Революция не одобряла дуэлей – они представляли собой пережитки прошлого, привилегию, саму по себе не совместимую с новым порядком. Ж.А. Бруйе – кюре и член Национального собрания – хорошо понимал, в чем заключались обязанности его коллег-законодателей:
Нет никакого сомнения, господа… что вам выпала славная возможность искоренить дуэли. Коль скоро суровость закона прежде показывала себя неспособной против сего безумства, вы окажете неоценимую услугу человечеству, если избавите его от столь ужасного бича{633}.

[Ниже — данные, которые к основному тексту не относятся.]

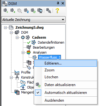 Automatische Aktualisierung - Jede Analyse wird bei Änderungen innerhalb des Oberflächenmodells automatisch aktualisiert. Diese Aktualisierung kann jederzeit deaktiviert bzw. aktiviert werden. Wenn die automatische Aktualisierung deaktiviert wurde, erfolgt eine Kennzeichnung im Werkzeugbereich des DGMs, wenn sich die Oberflächeninformationen geändert haben. In diesem Fall besteht die Möglichkeit der manuellen Aktualisierung der Analyse mit der Funktion Daten aktualisieren, welche Sie aus dem Kontextmenü aufrufen können.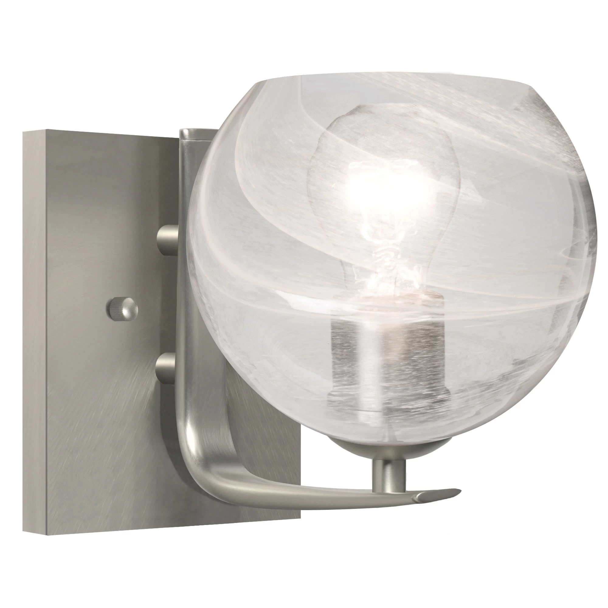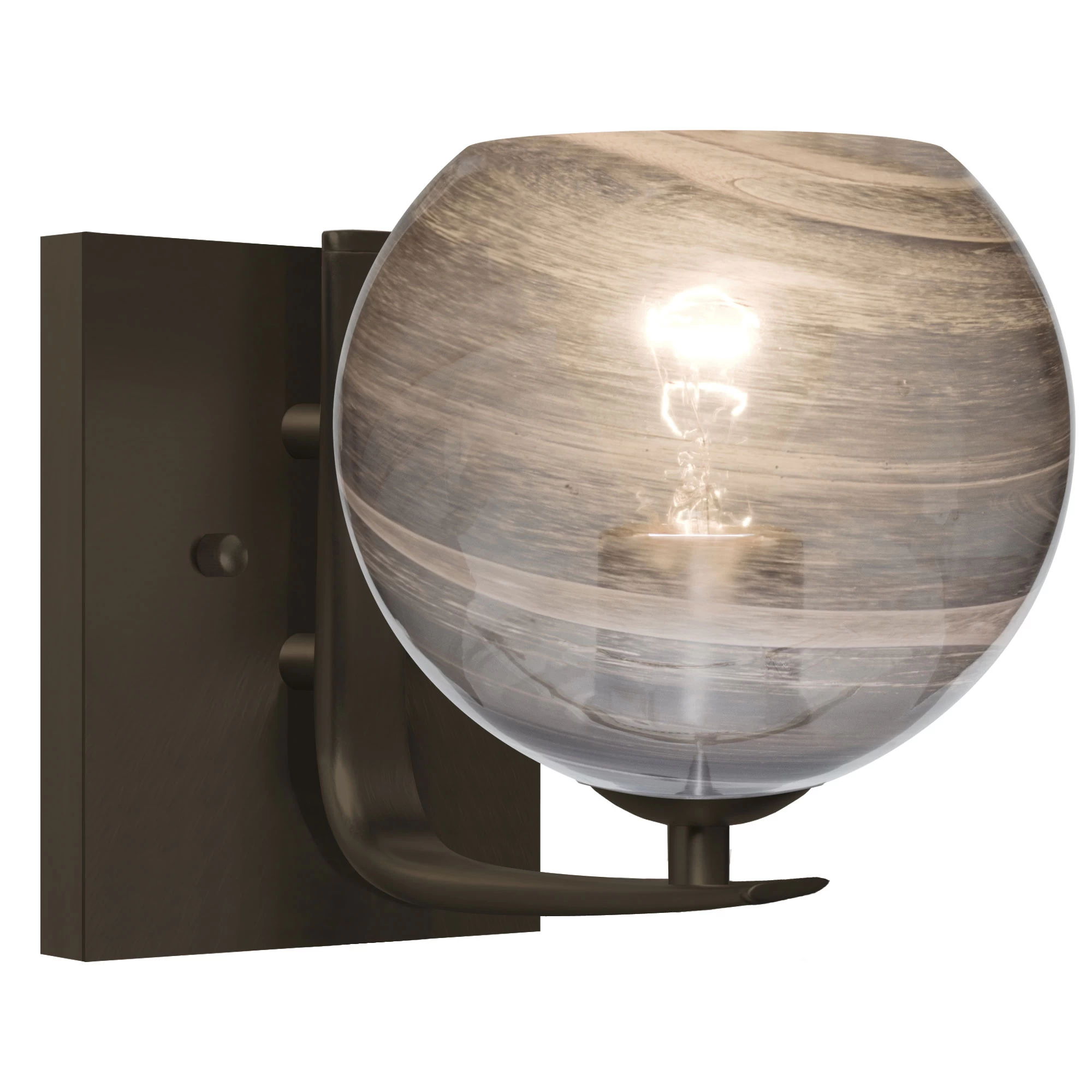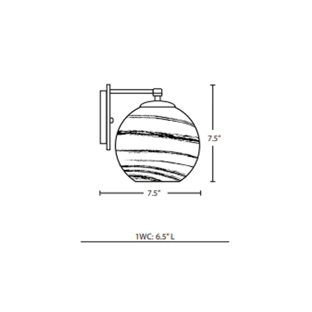 The Jilly Wall Light features a contemporary design composed of a transparent Amber, Clear or Smoke glass globe, with a mysterious vapor-like patterning throughout the glass to partially conceal the inner portion of the shade. The globes rest on a smooth bracket finished in Bronze or Satin Nickel. The play of light through the vapor glass makes for a pleasing optical affect, enhanced by the exposed light source positioned inside the shade. Can be mounted with glass shades point up on down. UL listed for damp locations. Title 24 compliant.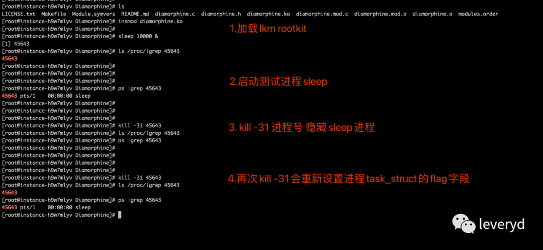 再次捕获云上在野容器攻击,TeamTNT黑产攻击方法揭秘 文章中提到一个内核rootkit-Diamorphine[1]
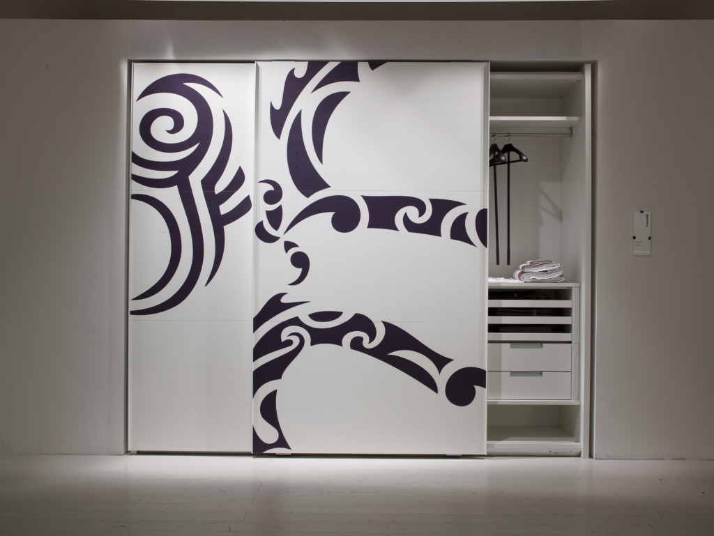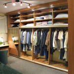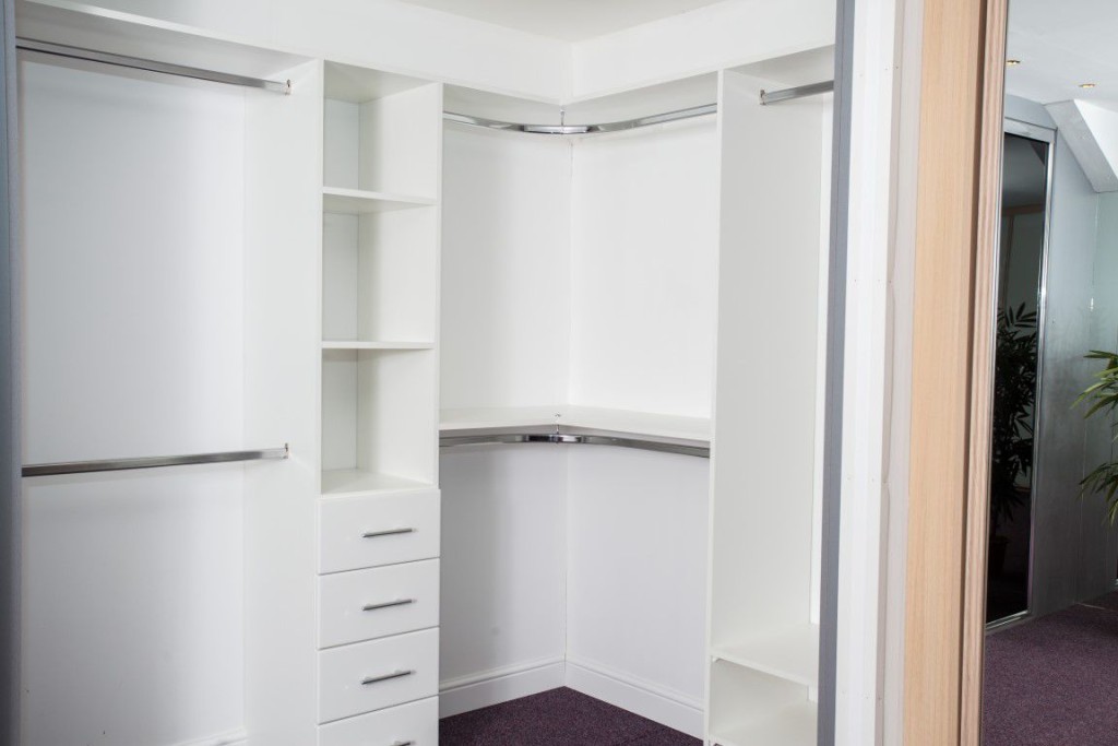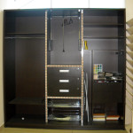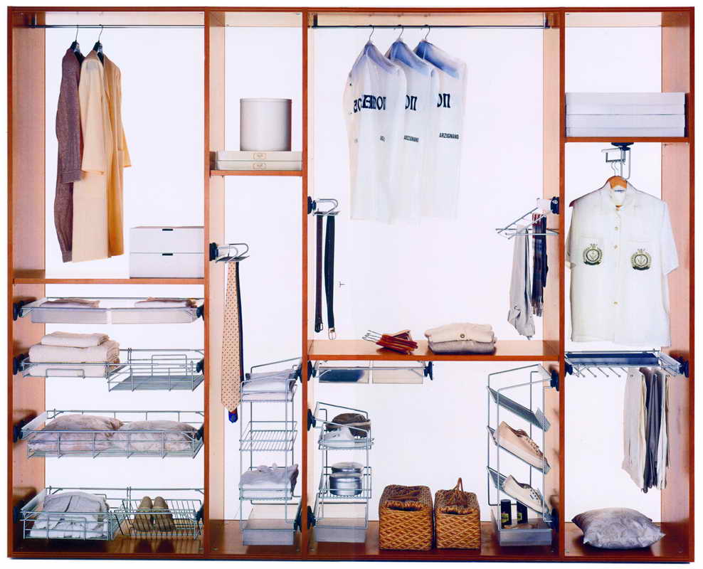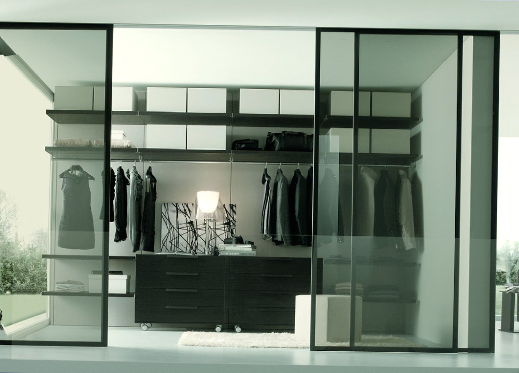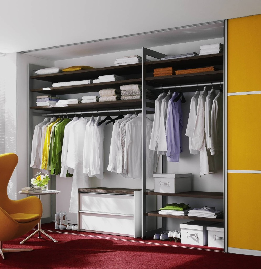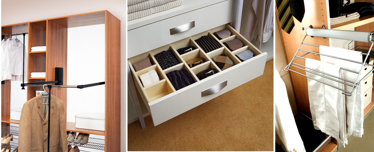 Прекрасный вариант современной мебели — это торцевые штанги, благодаря которым одежду можно повесить передом, а не боком. Именно такой способ и обеспечивает значительную экономию пространства.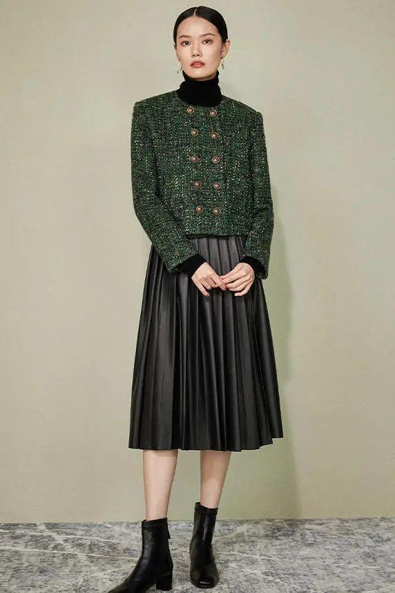 右:复古超短款小香风外套

Кюре также находил себя особой, достаточно обмирщенной для признания за собой права и способности стать идеальным закоперщиком и руководителем кампании против дуэлей: «Нужно быть Цезарем или сельским викарием, чтобы отважиться противопоставить себя безумию дуэли – кем-то, кто стоял бы за пределами любого подозрения в боязливости или того, что называется трусостью»{634}. Национальный конвент последовал совету кюре и во II году Республики [76]76
Согласно французскому республиканскому календарю, утвержденному Национальным конвентом 24 ноября 1793 г, летоисчисление начиналось с 1792 г, то есть со времени провозглашения Франции республикой. Каждый год этого календаря состоял из двенадцати месяцев (по 30 дней) и пяти дополнительных дней, причем первым числом первого месяца являлось 1 вандемьера, соответствующее дню осеннего равноденствия (22 сентября). Таким образом, II год Республики охватывал период с 22 сентября 1793 г. по 21 сентября 1794 г. Прим. ред.
[Закрыть] объявил дуэли незаконными. Якобинский режим 1793–1794 гг. попытался также извести поединки в армии{635}.
Как бы ни смотрели на дуэль официальные власти, она, тем не менее, прекрасно прижилась и великолепно чувствовала себя в лихорадочной атмосфере французской политики после 1789 г. Томас Карлайл в его «Французской революции» замечал следующее:
Касательно дуэлей, о коих мы иногда говорим: всюду во Франции люди дерутся в бесчисленных и бессчетных поединках. Любители поспорить и собутыльники, смахнув со стола кубки с вином и отбросив прочь оружие аргументированного довода и остроумия, встречаются на вымеренном поле, чтобы пустить друг другу кровь. Или, возможно, чтобы насадить один другого на вертел, покончив в одночасье и с жизнью, и с ненавистью, умирая – и умирая как глупцы. Долго уж это длилось и длится по сей день{636}.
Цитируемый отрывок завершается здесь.